(Data for review begins)

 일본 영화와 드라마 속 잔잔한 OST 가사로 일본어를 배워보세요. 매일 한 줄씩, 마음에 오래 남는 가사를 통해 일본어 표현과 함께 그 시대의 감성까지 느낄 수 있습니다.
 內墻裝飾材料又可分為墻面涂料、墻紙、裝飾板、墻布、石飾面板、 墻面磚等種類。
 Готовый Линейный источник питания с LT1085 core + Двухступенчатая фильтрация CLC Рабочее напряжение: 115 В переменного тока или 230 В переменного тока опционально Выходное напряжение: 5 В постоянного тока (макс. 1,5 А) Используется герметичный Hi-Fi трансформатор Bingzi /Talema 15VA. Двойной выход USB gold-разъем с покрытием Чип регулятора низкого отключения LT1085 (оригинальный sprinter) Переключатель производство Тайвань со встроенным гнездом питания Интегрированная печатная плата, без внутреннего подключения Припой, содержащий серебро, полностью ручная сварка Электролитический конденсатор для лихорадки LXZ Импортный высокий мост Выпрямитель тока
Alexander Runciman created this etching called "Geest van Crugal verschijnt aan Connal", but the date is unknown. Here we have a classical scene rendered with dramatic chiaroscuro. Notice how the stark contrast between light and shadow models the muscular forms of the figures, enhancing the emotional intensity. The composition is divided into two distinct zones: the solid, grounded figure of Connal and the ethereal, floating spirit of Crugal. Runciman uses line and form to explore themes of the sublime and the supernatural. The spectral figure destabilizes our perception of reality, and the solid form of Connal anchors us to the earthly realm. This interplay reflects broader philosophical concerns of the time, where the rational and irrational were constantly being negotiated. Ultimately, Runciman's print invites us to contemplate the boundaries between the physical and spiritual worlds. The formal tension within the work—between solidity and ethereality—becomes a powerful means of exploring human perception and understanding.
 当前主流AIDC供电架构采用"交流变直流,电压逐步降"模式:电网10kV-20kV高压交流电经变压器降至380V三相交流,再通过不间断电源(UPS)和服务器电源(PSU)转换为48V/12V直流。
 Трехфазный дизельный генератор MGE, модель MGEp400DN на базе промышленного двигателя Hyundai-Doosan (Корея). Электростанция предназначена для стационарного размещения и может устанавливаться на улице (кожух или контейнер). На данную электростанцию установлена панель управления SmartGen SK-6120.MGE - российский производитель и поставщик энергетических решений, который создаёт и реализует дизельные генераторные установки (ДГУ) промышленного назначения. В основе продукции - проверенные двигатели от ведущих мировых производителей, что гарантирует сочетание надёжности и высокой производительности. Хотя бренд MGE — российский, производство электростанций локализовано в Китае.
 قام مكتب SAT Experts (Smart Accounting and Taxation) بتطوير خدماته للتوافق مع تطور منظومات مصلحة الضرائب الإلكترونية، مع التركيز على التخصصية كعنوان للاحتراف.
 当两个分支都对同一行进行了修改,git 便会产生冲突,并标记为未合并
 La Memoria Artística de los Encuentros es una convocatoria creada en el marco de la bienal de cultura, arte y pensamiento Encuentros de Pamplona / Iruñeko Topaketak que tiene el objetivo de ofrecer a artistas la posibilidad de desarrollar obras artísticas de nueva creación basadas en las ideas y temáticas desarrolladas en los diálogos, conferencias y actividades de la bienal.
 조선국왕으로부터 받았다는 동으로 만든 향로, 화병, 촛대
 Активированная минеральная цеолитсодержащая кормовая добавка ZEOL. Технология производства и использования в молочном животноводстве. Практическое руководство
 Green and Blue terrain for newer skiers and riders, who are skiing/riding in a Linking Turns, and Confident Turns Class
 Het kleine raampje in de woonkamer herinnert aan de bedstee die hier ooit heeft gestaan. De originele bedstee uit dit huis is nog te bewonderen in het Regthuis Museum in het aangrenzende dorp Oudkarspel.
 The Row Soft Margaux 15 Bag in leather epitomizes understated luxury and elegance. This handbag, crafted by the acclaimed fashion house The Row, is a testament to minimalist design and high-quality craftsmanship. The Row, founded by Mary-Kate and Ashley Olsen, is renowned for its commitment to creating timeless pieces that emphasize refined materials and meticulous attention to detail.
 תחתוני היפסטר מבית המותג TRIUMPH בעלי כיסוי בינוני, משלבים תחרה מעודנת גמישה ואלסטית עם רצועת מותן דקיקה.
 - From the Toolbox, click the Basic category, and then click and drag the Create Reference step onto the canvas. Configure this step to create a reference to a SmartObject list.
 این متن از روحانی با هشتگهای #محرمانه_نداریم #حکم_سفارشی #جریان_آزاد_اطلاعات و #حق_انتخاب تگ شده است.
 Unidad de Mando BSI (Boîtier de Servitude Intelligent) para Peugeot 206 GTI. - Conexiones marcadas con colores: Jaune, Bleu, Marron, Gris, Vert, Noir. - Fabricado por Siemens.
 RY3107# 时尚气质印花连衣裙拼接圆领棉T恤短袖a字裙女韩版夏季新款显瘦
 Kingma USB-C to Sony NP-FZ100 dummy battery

(Data for review ends)

Try it →
Produce a word-for-word restatement of all the records.

Task response →
 일본 영화와 드라마 속 잔잔한 OST 가사로 일본어를 배워보세요. 매일 한 줄씩, 마음에 오래 남는 가사를 통해 일본어 표현과 함께 그 시대의 감성까지 느낄 수 있습니다.
 內墻裝飾材料又可分為墻面涂料、墻紙、裝飾板、墻布、石飾面板、 墻面磚等種類。
 Готовый Линейный источник питания с LT1085 core + Двухступенчатая фильтрация CLC Рабочее напряжение: 115 В переменного тока или 230 В переменного тока опционально Выходное напряжение: 5 В постоянного тока (макс. 1,5 А) Используется герметичный Hi-Fi трансформатор Bingzi /Talema 15VA. Двойной выход USB gold-разъем с покрытием Чип регулятора низкого отключения LT1085 (оригинальный sprinter) Переключатель производство Тайвань со встроенным гнездом питания Интегрированная печатная плата, без внутреннего подключения Припой, содержащий серебро, полностью ручная сварка Электролитический конденсатор для лихорадки LXZ Импортный высокий мост Выпрямитель тока
Alexander Runciman created this etching called "Geest van Crugal verschijnt aan Connal", but the date is unknown. Here we have a classical scene rendered with dramatic chiaroscuro. Notice how the stark contrast between light and shadow models the muscular forms of the figures, enhancing the emotional intensity. The composition is divided into two distinct zones: the solid, grounded figure of Connal and the ethereal, floating spirit of Crugal. Runciman uses line and form to explore themes of the sublime and the supernatural. The spectral figure destabilizes our perception of reality, and the solid form of Connal anchors us to the earthly realm. This interplay reflects broader philosophical concerns of the time, where the rational and irrational were constantly being negotiated. Ultimately, Runciman's print invites us to contemplate the boundaries between the physical and spiritual worlds. The formal tension within the work—between solidity and ethereality—becomes a powerful means of exploring human perception and understanding.
 当前主流AIDC供电架构采用"交流变直流,电压逐步降"模式:电网10kV-20kV高压交流电经变压器降至380V三相交流,再通过不间断电源(UPS)和服务器电源(PSU)转换为48V/12V直流。
 Трехфазный дизельный генератор MGE, модель MGEp400DN на базе промышленного двигателя Hyundai-Doosan (Корея). Электростанция предназначена для стационарного размещения и может устанавливаться на улице (кожух или контейнер). На данную электростанцию установлена панель управления SmartGen SK-6120.MGE - российский производитель и поставщик энергетических решений, который создаёт и реализует дизельные генераторные установки (ДГУ) промышленного назначения. В основе продукции - проверенные двигатели от ведущих мировых производителей, что гарантирует сочетание надёжности и высокой производительности. Хотя бренд MGE — российский, производство электростанций локализовано в Китае.
 قام مكتب SAT Experts (Smart Accounting and Taxation) بتطوير خدماته للتوافق مع تطور منظومات مصلحة الضرائب الإلكترونية، مع التركيز على التخصصية كعنوان للاحتراف.
 当两个分支都对同一行进行了修改,git 便会产生冲突,并标记为未合并
 La Memoria Artística de los Encuentros es una convocatoria creada en el marco de la bienal de cultura, arte y pensamiento Encuentros de Pamplona / Iruñeko Topaketak que tiene el objetivo de ofrecer a artistas la posibilidad de desarrollar obras artísticas de nueva creación basadas en las ideas y temáticas desarrolladas en los diálogos, conferencias y actividades de la bienal.
 조선국왕으로부터 받았다는 동으로 만든 향로, 화병, 촛대
 Активированная минеральная цеолитсодержащая кормовая добавка ZEOL. Технология производства и использования в молочном животноводстве. Практическое руководство
 Green and Blue terrain for newer skiers and riders, who are skiing/riding in a Linking Turns, and Confident Turns Class
 Het kleine raampje in de woonkamer herinnert aan de bedstee die hier ooit heeft gestaan. De originele bedstee uit dit huis is nog te bewonderen in het Regthuis Museum in het aangrenzende dorp Oudkarspel.
 The Row Soft Margaux 15 Bag in leather epitomizes understated luxury and elegance. This handbag, crafted by the acclaimed fashion house The Row, is a testament to minimalist design and high-quality craftsmanship. The Row, founded by Mary-Kate and Ashley Olsen, is renowned for its commitment to creating timeless pieces that emphasize refined materials and meticulous attention to detail.
 תחתוני היפסטר מבית המותג TRIUMPH בעלי כיסוי בינוני, משלבים תחרה מעודנת גמישה ואלסטית עם רצועת מותן דקיקה.
 - From the Toolbox, click the Basic category, and then click and drag the Create Reference step onto the canvas. Configure this step to create a reference to a SmartObject list.
 این متن از روحانی با هشتگهای #محرمانه_نداریم #حکم_سفارشی #جریان_آزاد_اطلاعات و #حق_انتخاب تگ شده است.
 Unidad de Mando BSI (Boîtier de Servitude Intelligent) para Peugeot 206 GTI. - Conexiones marcadas con colores: Jaune, Bleu, Marron, Gris, Vert, Noir. - Fabricado por Siemens.
 RY3107# 时尚气质印花连衣裙拼接圆领棉T恤短袖a字裙女韩版夏季新款显瘦
 Kingma USB-C to Sony NP-FZ100 dummy battery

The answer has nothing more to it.